### What is being asked
Repeat the data in full. Drop every picture.

### Records provided
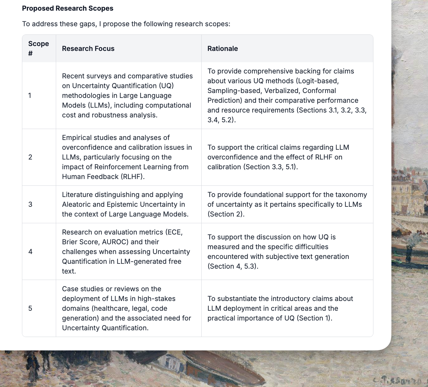 Upload files or ask complex questions. The AI understands your specific scope to find papers keyword search misses.
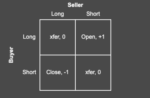 每笔交易都有买家和卖家。当合约的买方和卖方都做多或都做空时,交易所只需将合约的所有权从一方转移到另一方即可。这种转移不会创建或销毁任何合约。当买方做多而卖方做空时,必须创建一个新合约,买方持有多头头寸,卖方持有空头头寸,未平仓合约量增加 1。另一方面,如果卖家平多而买家平空,交易所可以直接解除买方和卖方与合约的关联,并删除新释放的合约,未平仓合约量减少 1。
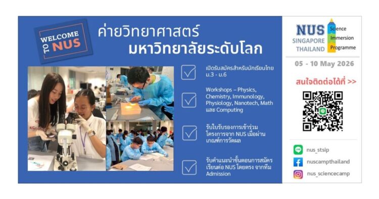 ร่วมค่ายวิทยาศาสตร์กับ NUS มหาวิทยาลัยอันดับ 1 ของเอเชีย/ อันดับ 8 ของโลก รับ NUS Certificate เมื่อผ่านเกณฑ์จบหลักสูตร นำใส่พอร์ตสายวิทย์ทุกสาขาเพื่อยื่นเข้ามหาวิทยาลัยทั้งในและต่างประเทศ
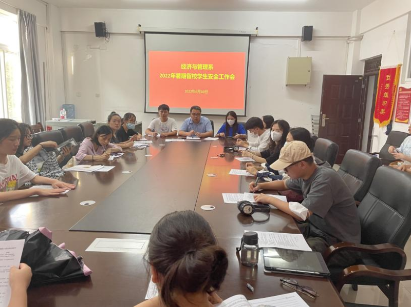 为加强暑假留校学生安全意识,确保留校学生度过一个平安、充实的假期,6月30日下午,经济与管理系在7210教室召开2022暑期留校学生安全会议,党总支副书记兼学工组长陈曙钰出席会议,辅导员罗妹梅、张坤老师及全体留校学生参会。
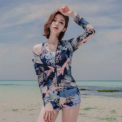 ラッシュガード 水着 レディース 長袖 3点上下セット フィットネス水着 体型カバー セパレート かわいい 大きいサイズ ショートパンツ パーカー ママ水着 オトナ女子 カバーアップ UVカット フィ

### Exercise result
 Upload files or ask complex questions. The AI understands your specific scope to find papers keyword search misses.
 每笔交易都有买家和卖家。当合约的买方和卖方都做多或都做空时,交易所只需将合约的所有权从一方转移到另一方即可。这种转移不会创建或销毁任何合约。当买方做多而卖方做空时,必须创建一个新合约,买方持有多头头寸,卖方持有空头头寸,未平仓合约量增加 1。另一方面,如果卖家平多而买家平空,交易所可以直接解除买方和卖方与合约的关联,并删除新释放的合约,未平仓合约量减少 1。
 ร่วมค่ายวิทยาศาสตร์กับ NUS มหาวิทยาลัยอันดับ 1 ของเอเชีย/ อันดับ 8 ของโลก รับ NUS Certificate เมื่อผ่านเกณฑ์จบหลักสูตร นำใส่พอร์ตสายวิทย์ทุกสาขาเพื่อยื่นเข้ามหาวิทยาลัยทั้งในและต่างประเทศ
 为加强暑假留校学生安全意识,确保留校学生度过一个平安、充实的假期,6月30日下午,经济与管理系在7210教室召开2022暑期留校学生安全会议,党总支副书记兼学工组长陈曙钰出席会议,辅导员罗妹梅、张坤老师及全体留校学生参会。
 ラッシュガード 水着 レディース 長袖 3点上下セット フィットネス水着 体型カバー セパレート かわいい 大きいサイズ ショートパンツ パーカー ママ水着 オトナ女子 カバーアップ UVカット フィ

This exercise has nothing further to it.